Would you retype the entries from the first line to the line bearing "思路:冲锋——擂鼓用于群怪环", both included, leaving out every picture?

Saved entries:
:::

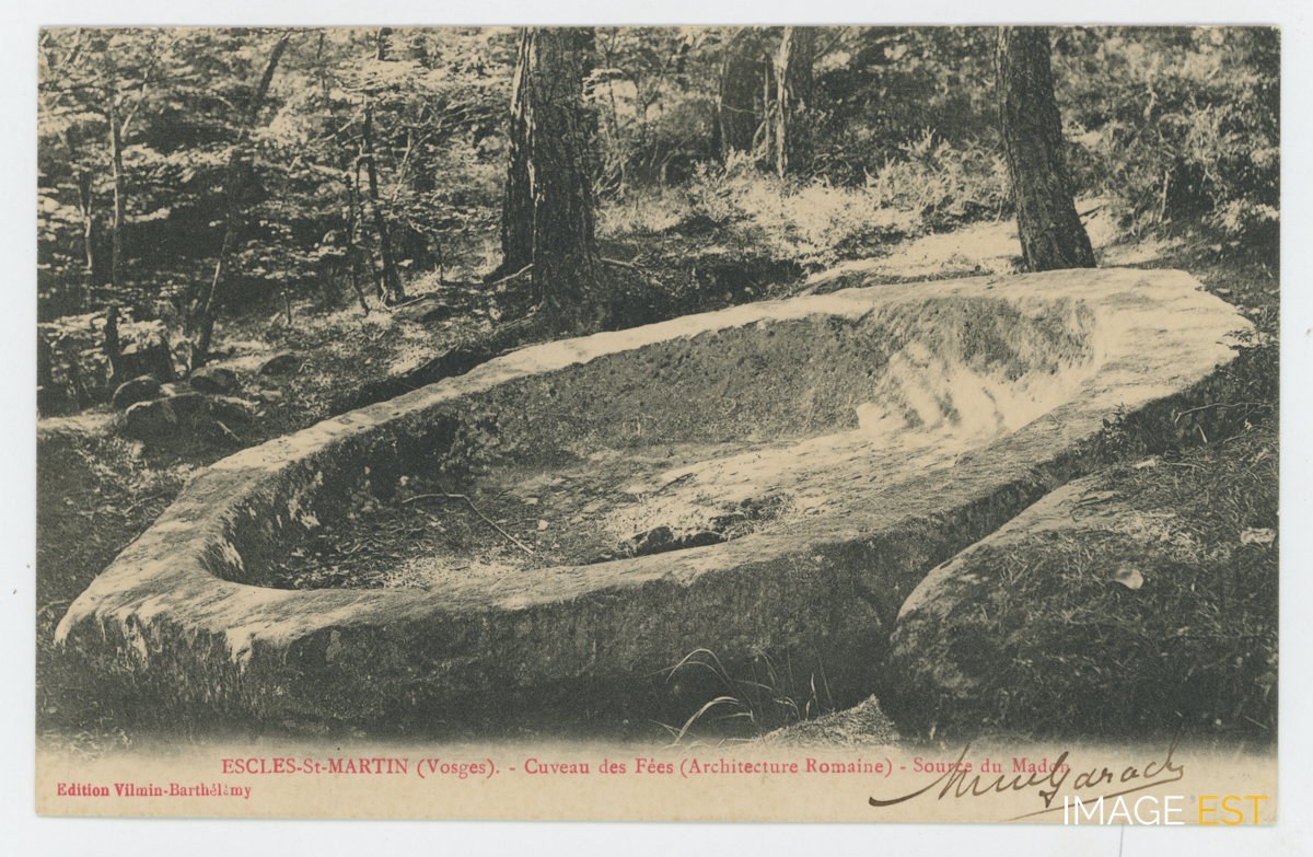Cuve octogonale taillée dans un bloc de grès à Escles (Vosges). D'après une légende populaire, celle-ci aurait été réalisée par des fées. Cette cuve se situe à proximité de la Chapelle et des grottes Saint-Martin. (Source : https://www.lieux-insolites.fr/vosges/cuveau/cuveau). Ce cuveau se situe à proximité de la source du Madon.
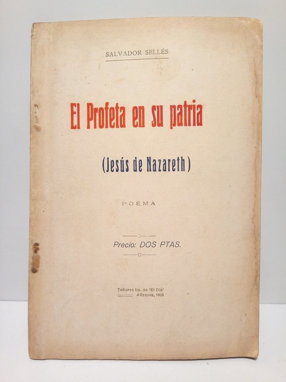 [PRIMERA EDICION].- Alicante: Talleres Tip. de El Día, 1923.- 49 p.; 4º menor (20,5 x 14 cm); Rústica Ed.* Tras la cubierta anterior lleva una dedicatoria autógrafa del autor. La cubierta con unos tenues ribetes de humedad en los márgenes, que se ven tambien en las primeras 4 hojas. VALENCIA
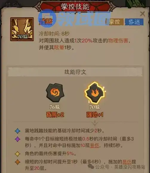 思路:冲锋——擂鼓用于群怪环境,如暗能秘境等,聚怪的同时提供能量恢复,也可以在PK时提供免控效果;践踏——强劲用于处理单体BOSS场景,减少终极技冷却时间,增加最终伤害并提供易伤叠层。
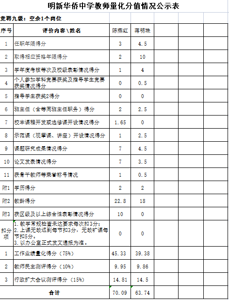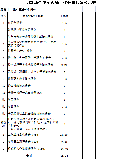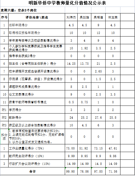 明(míng)新華僑中學教師(shī)量化(huà)分(fēn)值情況公示表
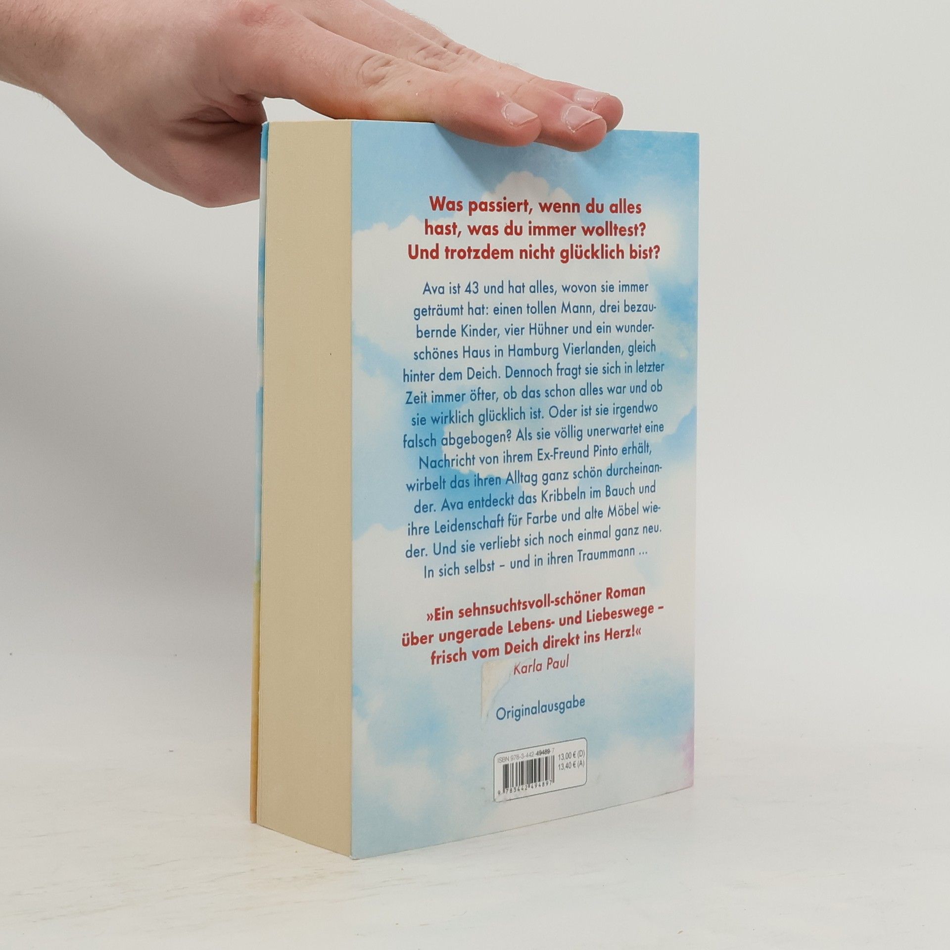 Was passiert, wenn du alles hast, was du immer wolltest? Und trotzdem nicht glücklich bist? Ava ist 43 und hat alles, wovon sie immer geträumt hat: einen tollen Mann, drei bezaubernde Kinder, drei Hühner und ein wunderschönes Haus in Hamburg Vierlanden, gleich hinter dem Deich. Dennoch fragt sie sich in letzter Zeit immer öfter, ob das schon alles war und ob sie wirklich glücklich ist. Oder ist sie irgendwo falsch abgebogen? Als sie völlig unerwartet eine Nachricht von ihrem Ex-Freund Pinto erhält, wirbelt das ihren Alltag ganz schön durcheinander. Ava entdeckt das Kribbeln im Bauch und ihre Leidenschaft für Farbe und alte Möbel wieder. Und verliebt sich noch einmal ganz neu. In sich selbst – und in ihren Traummann ... Das humorvoll-turbulente Romandebüt der SPIEGEL-Bestsellerautorin und erfolgreichen Bloggerin und Instagrammerin (»wasfuermich«). »Ein sehnsuchtsvoll-schöner Roman über ungerade Lebens- und Liebeswege – frisch vom Deich direkt ins Herz!« Karla Paul »Die Gefühlsachterbahn einer Frau, die vermeintlich alles im Leben hat und trotzdem mehr will – ich habe so mit Ava mitgefiebert!« Alexa von Heyden
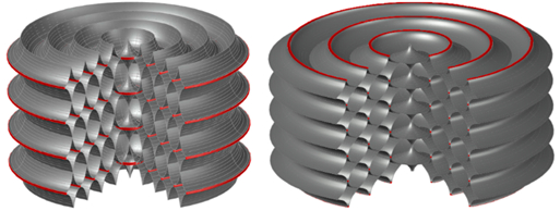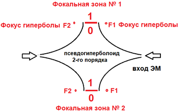 - ЭМ волны, входящие внутрь псевдоповерхности распределяются и концентрируются в фокальных зонах.
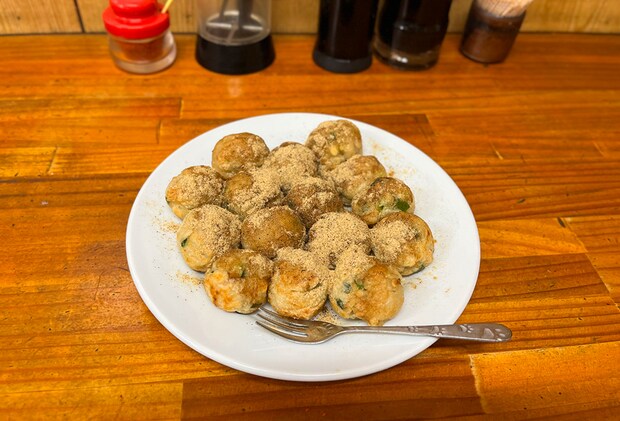 ころんとした丸いフォルムに魚粉がたっぷりかかった味覚焼はもちっと食感であっさり風味。

:::

_COMPLETED TASK:_
Cuve octogonale taillée dans un bloc de grès à Escles (Vosges). D'après une légende populaire, celle-ci aurait été réalisée par des fées. Cette cuve se situe à proximité de la Chapelle et des grottes Saint-Martin. (Source : https://www.lieux-insolites.fr/vosges/cuveau/cuveau). Ce cuveau se situe à proximité de la source du Madon.
 [PRIMERA EDICION].- Alicante: Talleres Tip. de El Día, 1923.- 49 p.; 4º menor (20,5 x 14 cm); Rústica Ed.* Tras la cubierta anterior lleva una dedicatoria autógrafa del autor. La cubierta con unos tenues ribetes de humedad en los márgenes, que se ven tambien en las primeras 4 hojas. VALENCIA
 思路:冲锋——擂鼓用于群怪环境,如暗能秘境等,聚怪的同时提供能量恢复,也可以在PK时提供免控效果;践踏——强劲用于处理单体BOSS场景,减少终极技冷却时间,增加最终伤害并提供易伤叠层。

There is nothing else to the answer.